--- Excerpted data Enclosed Below ---
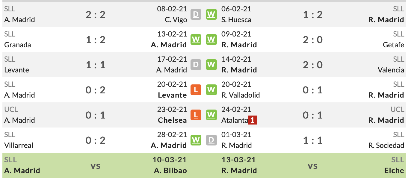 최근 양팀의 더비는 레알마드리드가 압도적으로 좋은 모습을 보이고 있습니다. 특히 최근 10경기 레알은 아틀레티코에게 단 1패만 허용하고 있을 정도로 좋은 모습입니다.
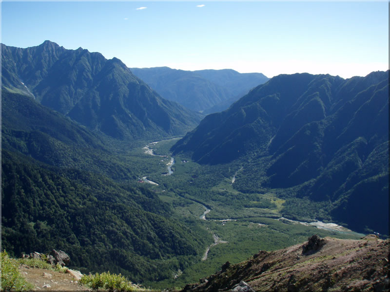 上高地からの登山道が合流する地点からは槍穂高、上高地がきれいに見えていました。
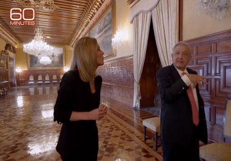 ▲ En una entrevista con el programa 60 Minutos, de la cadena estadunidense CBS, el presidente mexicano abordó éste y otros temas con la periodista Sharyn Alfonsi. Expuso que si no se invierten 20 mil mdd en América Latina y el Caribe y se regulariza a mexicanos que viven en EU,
--- End of Enclosed Excerpted data ---
--- Excerpted data Enclosed Below ---
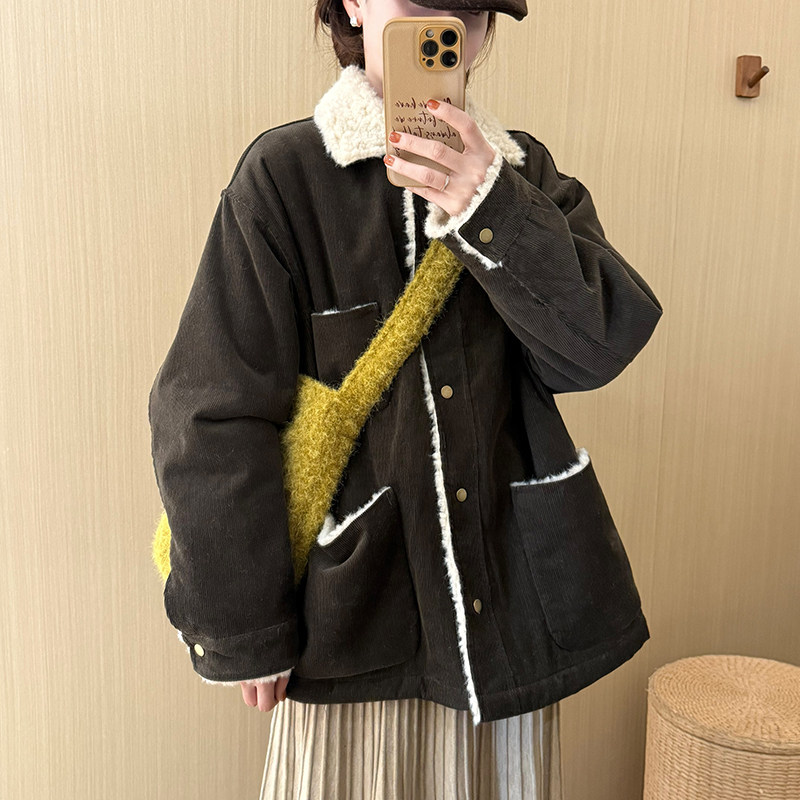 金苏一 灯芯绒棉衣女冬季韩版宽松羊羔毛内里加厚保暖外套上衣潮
--- End of Enclosed Excerpted data ---
--- Excerpted data Enclosed Below ---
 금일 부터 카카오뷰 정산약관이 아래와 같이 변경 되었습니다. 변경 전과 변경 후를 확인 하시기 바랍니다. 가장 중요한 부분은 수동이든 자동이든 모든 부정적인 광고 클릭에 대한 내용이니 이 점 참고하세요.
--- End of Enclosed Excerpted data ---
# [Assignment]
Copy the listing above exactly, but only from the line with "최근 양팀의 더비는 레알마드리드가" through the line with "上高地からの登山道が合流する地点からは槍穂高、上高地がきれいに見えていました。", including those two lines and excluding any picture.

# [Your solution]
 최근 양팀의 더비는 레알마드리드가 압도적으로 좋은 모습을 보이고 있습니다. 특히 최근 10경기 레알은 아틀레티코에게 단 1패만 허용하고 있을 정도로 좋은 모습입니다.
 上高地からの登山道が合流する地点からは槍穂高、上高地がきれいに見えていました。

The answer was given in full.